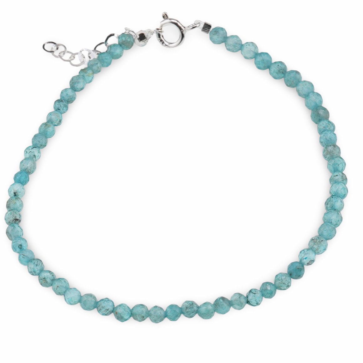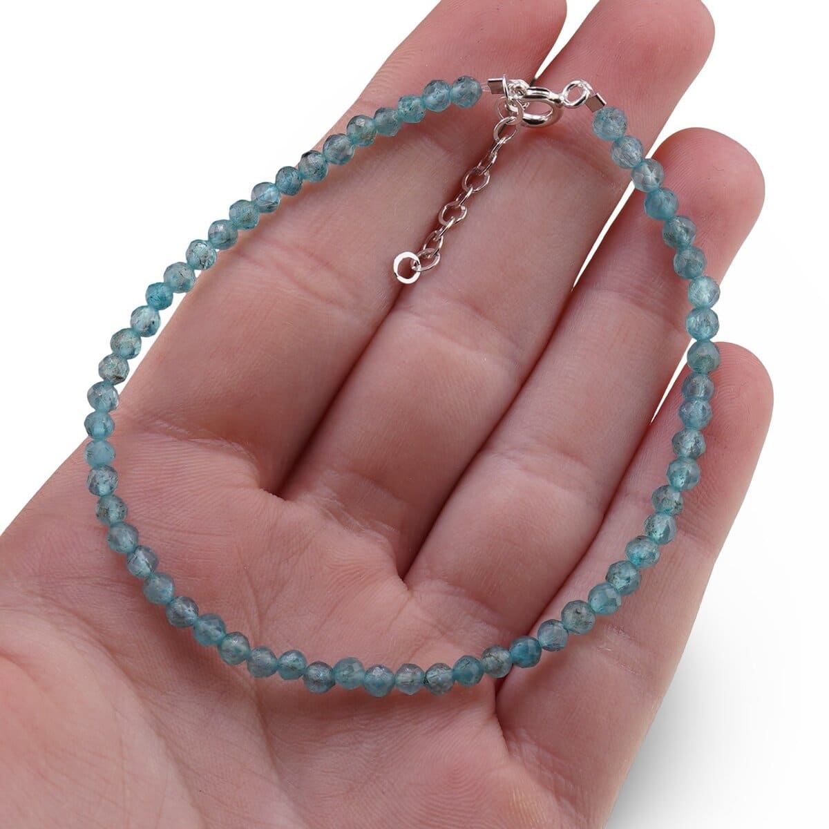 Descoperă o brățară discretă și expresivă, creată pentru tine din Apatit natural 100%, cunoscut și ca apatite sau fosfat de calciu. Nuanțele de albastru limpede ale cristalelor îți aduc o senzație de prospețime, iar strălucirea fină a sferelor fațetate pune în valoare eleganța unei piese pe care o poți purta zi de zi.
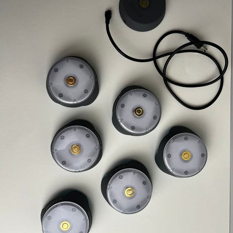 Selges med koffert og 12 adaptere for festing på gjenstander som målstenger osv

⁂

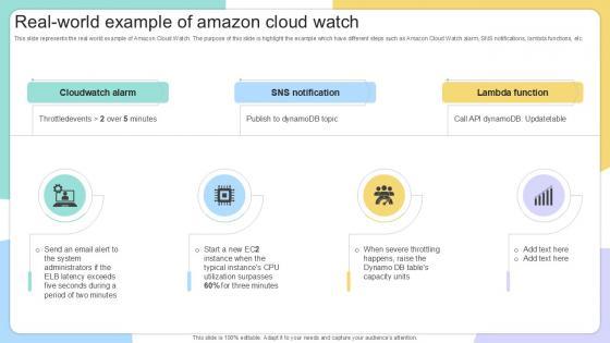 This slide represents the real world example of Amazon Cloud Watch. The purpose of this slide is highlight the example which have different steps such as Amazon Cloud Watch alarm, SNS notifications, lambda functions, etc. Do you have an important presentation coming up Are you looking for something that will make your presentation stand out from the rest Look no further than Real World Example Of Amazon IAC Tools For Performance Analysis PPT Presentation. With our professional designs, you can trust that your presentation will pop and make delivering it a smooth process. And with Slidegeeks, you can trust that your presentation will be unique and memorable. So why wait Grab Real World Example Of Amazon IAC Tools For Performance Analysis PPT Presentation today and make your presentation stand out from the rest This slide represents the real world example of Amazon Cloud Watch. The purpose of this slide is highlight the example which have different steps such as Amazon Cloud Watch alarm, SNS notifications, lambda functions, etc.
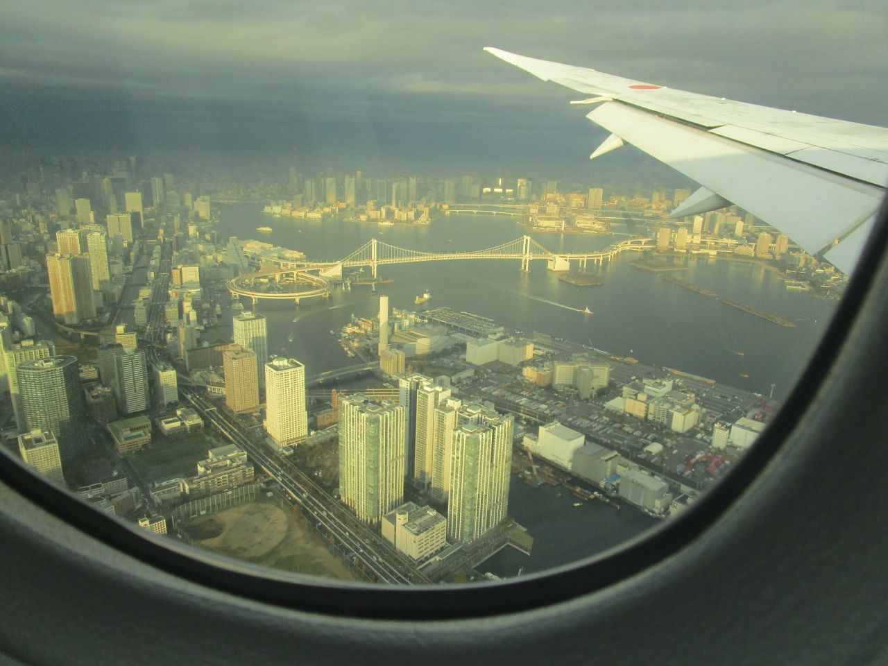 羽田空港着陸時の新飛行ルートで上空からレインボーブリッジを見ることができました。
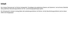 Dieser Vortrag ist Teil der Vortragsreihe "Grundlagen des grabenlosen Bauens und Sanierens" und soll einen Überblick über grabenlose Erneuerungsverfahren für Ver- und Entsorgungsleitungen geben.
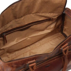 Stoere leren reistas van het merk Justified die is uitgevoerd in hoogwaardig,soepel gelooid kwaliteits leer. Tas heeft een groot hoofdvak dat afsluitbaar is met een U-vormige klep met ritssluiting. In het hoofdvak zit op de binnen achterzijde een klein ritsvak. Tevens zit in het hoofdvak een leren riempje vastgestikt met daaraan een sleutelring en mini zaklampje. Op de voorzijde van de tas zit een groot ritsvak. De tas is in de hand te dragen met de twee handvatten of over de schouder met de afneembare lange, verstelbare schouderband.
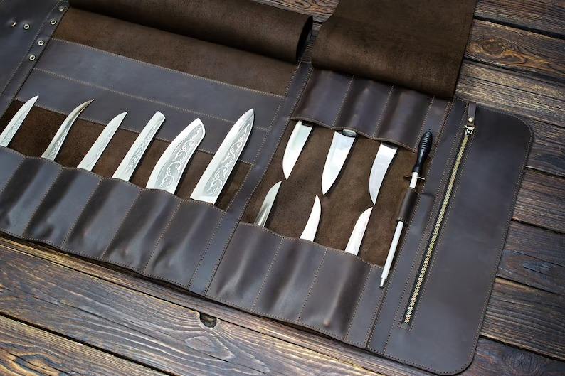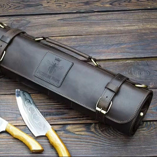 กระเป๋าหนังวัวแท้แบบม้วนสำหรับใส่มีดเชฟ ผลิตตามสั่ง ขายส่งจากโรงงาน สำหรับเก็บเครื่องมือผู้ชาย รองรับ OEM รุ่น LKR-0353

⁂

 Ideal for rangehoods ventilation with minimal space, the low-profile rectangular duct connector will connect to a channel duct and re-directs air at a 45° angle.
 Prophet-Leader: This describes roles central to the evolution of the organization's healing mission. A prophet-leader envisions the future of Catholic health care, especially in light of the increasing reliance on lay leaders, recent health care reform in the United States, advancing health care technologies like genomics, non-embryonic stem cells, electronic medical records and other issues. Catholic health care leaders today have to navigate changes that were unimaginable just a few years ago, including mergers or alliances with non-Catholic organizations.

⁂

In the listing above, find the line containing "Descoperă o brățară" and the line containing "Selges med koffert". Reproduce those lines and all between them exactly, with no pictures and nothing more.

▶ _RESPONSE AREA_
 Descoperă o brățară discretă și expresivă, creată pentru tine din Apatit natural 100%, cunoscut și ca apatite sau fosfat de calciu. Nuanțele de albastru limpede ale cristalelor îți aduc o senzație de prospețime, iar strălucirea fină a sferelor fațetate pune în valoare eleganța unei piese pe care o poți purta zi de zi.
 Selges med koffert og 12 adaptere for festing på gjenstander som målstenger osv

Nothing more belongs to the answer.